De manera que la Sala concluye en señalar que una casación y la consecuente reposición de la causa al estado de nueva admisión y notificación al Fiscal del Ministerio Público bajo este contexto, sería totalmente inútil, pues la reposición no es una sanción que se debe aplicar ante cualquier falla acaecida en la sustanciación del procedimiento, ya que la misma debe ser excepcional, pues no debe ser acordada si no lleva por efecto corregir un vicio que afecte el ejercicio del derecho a la defensa de las partes en el proceso, y sobre todo, que esa reposición tenga realmente una utilidad procesal.

En adición a lo antes expuesto, es importante asentar que la Sala en el análisis de la denuncia, no halló expresión alguna por parte del recurrente en casación sobre la forma precisa en la cual la omisión de notificación al representante del Ministerio Público le haya ocasionado alguna lesión a su derecho a la defensa y al debido proceso.
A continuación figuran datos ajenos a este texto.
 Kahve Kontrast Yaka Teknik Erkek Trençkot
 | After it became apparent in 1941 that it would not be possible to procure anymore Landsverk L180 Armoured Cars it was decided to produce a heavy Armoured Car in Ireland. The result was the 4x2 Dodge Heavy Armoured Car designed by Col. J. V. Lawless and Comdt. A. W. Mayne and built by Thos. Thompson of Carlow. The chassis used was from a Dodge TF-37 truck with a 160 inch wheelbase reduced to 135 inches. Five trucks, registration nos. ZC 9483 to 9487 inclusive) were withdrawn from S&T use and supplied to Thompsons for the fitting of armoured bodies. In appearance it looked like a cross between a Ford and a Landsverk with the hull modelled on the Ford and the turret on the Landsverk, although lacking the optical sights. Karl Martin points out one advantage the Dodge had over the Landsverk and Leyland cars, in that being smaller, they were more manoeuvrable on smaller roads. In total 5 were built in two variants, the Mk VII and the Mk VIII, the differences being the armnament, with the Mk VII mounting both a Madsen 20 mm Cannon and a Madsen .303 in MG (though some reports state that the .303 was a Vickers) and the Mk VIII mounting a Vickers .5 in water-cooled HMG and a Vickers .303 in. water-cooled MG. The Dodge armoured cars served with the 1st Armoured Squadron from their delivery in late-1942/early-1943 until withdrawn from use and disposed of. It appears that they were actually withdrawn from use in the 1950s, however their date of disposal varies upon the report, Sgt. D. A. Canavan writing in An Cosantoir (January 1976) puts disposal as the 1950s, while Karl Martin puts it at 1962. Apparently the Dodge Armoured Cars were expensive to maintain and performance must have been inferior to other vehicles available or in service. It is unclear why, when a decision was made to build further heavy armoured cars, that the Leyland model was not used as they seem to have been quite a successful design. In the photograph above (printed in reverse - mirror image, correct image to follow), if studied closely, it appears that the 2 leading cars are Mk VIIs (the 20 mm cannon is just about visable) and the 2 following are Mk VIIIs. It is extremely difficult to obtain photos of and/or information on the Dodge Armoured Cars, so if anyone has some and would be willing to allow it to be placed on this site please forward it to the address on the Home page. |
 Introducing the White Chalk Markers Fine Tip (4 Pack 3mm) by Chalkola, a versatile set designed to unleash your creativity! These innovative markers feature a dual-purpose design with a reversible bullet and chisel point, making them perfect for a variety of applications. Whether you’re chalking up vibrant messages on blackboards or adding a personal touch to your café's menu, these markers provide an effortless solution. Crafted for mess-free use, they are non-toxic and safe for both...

Siendo así, de acuerdo con los postulados constitucionales previstos en los artículos 26 y 257 de la Constitución de la República Bolivariana de Venezuela, referidos al derecho que tiene toda persona a obtener con prontitud una decisión de los órganos de administración de justicia, de manera responsable y sin dilaciones indebidas, el derecho de igualdad para acceder a la justicia, a la tutela de los derechos, a la justicia imparcial, equitativa, sin formalismos o reposiciones inútiles, así como el derecho a la defensa y a un proceso como el instrumento fundamental para la realización de la justicia, permite a esta Sala establecer que en el presente asunto no se incurrió en quebrantamiento de formas sustanciales de los actos que menoscaben el derecho a la defensa de las partes en el proceso.
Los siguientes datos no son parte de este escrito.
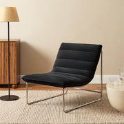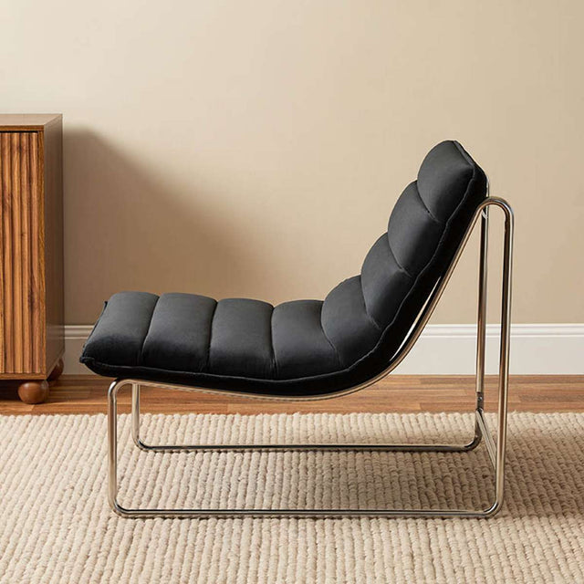 Upgrade your space with the Frank Ribbed Occasional Chair in sleek black velvet. Featuring a comfy ribbed seat cushion and a sturdy metal frame with trendy chrome legs, this chair blends mid-century charm with modern style. Perfect for living rooms, bedrooms, or study nooks, it brings a touch of everyday luxury to any room.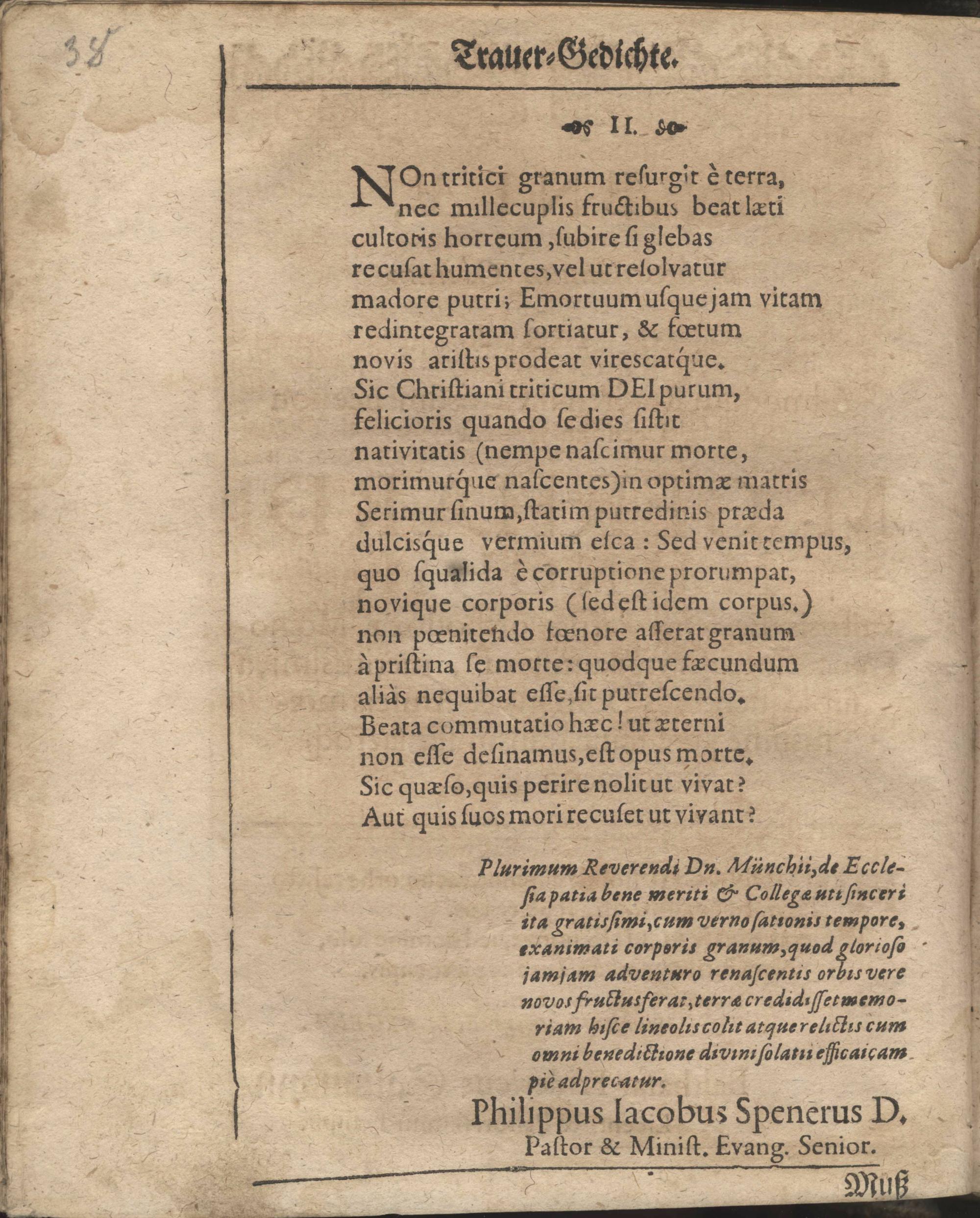 Aller Menschen Nichtigkeit Auß den Worten Davids Psa. XXXIX, 12. Ach wie gar nichts sind doch alle Menschen. Sela. Bey Ansehnlicher und Volckreicher Leichbegängnüß Deß weyland Wohl-Ehrwürdigen, Andächtigen und Wohlgelährten Herrn Gerhardi Münchs, Treugewesenen Evangelischen Predigers, dieser des H. Reichs-Stadt Franckfurth am Mäyn Christseligen Andenckens, Welcher am 11. Martii dieses lauffenden 1671. Jahrs diese Nichtigkeit verlassen, und am folgenden 14. ejusdem auff dem Gottes-Acker zu S. Peter mit Christgewöhnlichen Ceremonien beerdiget worden. / In der Kirchen zu St. Peter der daselbst versamlet gewesenen Christlichen Gemeinde vor Augen gestellt Von Johanne Emmeln, Evangel. Predigern allhier.

En consecuencia, sobre la base de los razonamientos expuestos anteriormente, la Sala declara improcedente la presente delación. Así de decide.

RECURSO DE CASACIÓN

POR INFRACCIÓN DE LEY

I

De conformidad con los artículos 313 ordinal 2° y 320 del Código de Procedimiento Civil, el formalizante denuncia en la recurrida la violación de los artículos 507 y 508 eiusdem, por error de interpretación.

Argumenta el recurrente, en su escrito de formalización del recurso de casación, lo siguiente:

“…Fundamentos de la denuncia Las normas cuya violación denuncio establecen: Artículo 507: Artículo 508 Ahora, al analizar las pruebas de la parte actora se observa que fueron desechadas todas a excepción de tres de las testimoniales promovidas. En efecto, al analizar las pruebas de la actora la recurrida dice así:

…Omissis…

Los subrayados y las negritas son míos.

Las partes subrayadas evidencian que de las probanzas de la actora sólo se tuvieron en cuenta el dicho de tres testigos y dos pruebas documentales.
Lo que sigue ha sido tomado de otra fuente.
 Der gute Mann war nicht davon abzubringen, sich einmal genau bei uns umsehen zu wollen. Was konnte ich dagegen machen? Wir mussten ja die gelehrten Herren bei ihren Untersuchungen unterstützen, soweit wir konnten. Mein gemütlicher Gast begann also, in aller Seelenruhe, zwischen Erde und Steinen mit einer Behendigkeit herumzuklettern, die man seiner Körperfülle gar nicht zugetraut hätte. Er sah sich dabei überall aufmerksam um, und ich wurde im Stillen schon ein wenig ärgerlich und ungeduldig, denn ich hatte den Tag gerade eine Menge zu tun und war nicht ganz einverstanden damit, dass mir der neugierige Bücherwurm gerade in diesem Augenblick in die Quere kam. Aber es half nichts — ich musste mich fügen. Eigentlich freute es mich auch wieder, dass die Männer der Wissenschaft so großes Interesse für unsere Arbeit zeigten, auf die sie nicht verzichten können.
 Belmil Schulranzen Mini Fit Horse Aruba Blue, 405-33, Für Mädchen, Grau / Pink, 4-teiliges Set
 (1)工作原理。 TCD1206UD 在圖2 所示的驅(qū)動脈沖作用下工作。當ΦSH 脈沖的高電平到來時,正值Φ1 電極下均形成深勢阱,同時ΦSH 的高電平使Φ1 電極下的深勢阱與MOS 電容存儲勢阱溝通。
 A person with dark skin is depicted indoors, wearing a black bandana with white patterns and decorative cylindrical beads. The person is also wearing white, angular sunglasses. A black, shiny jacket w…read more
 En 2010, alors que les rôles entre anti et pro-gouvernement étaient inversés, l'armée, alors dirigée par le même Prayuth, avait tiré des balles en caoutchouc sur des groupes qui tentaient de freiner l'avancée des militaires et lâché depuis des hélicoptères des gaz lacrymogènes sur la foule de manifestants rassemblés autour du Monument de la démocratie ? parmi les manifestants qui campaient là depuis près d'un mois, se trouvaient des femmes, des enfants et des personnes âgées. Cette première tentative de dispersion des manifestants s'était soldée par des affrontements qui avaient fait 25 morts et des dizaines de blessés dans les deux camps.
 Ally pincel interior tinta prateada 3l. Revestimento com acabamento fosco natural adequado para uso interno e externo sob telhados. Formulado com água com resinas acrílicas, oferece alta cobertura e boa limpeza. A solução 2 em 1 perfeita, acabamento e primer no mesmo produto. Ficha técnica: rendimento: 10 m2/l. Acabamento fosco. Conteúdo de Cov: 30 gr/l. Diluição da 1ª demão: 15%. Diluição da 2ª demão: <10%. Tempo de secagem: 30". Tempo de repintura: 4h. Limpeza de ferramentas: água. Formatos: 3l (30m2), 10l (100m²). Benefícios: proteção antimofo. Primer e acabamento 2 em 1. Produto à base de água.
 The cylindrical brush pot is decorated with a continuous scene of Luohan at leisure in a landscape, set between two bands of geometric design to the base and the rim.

Las documentales demuestran que al demandante se le siguió juicio por "...por la presunta comisión del delito: Violencia (sic) psicológica, acoso y hostigamiento, previsto y sancionado en el artículo 39 y 40 de la Ley Orgánica sobre el Derecho de las Mujeres a una V.L.d.V.,..." precisamente en contra de la persona con quien alegó haber tenido una unión estable de hecho.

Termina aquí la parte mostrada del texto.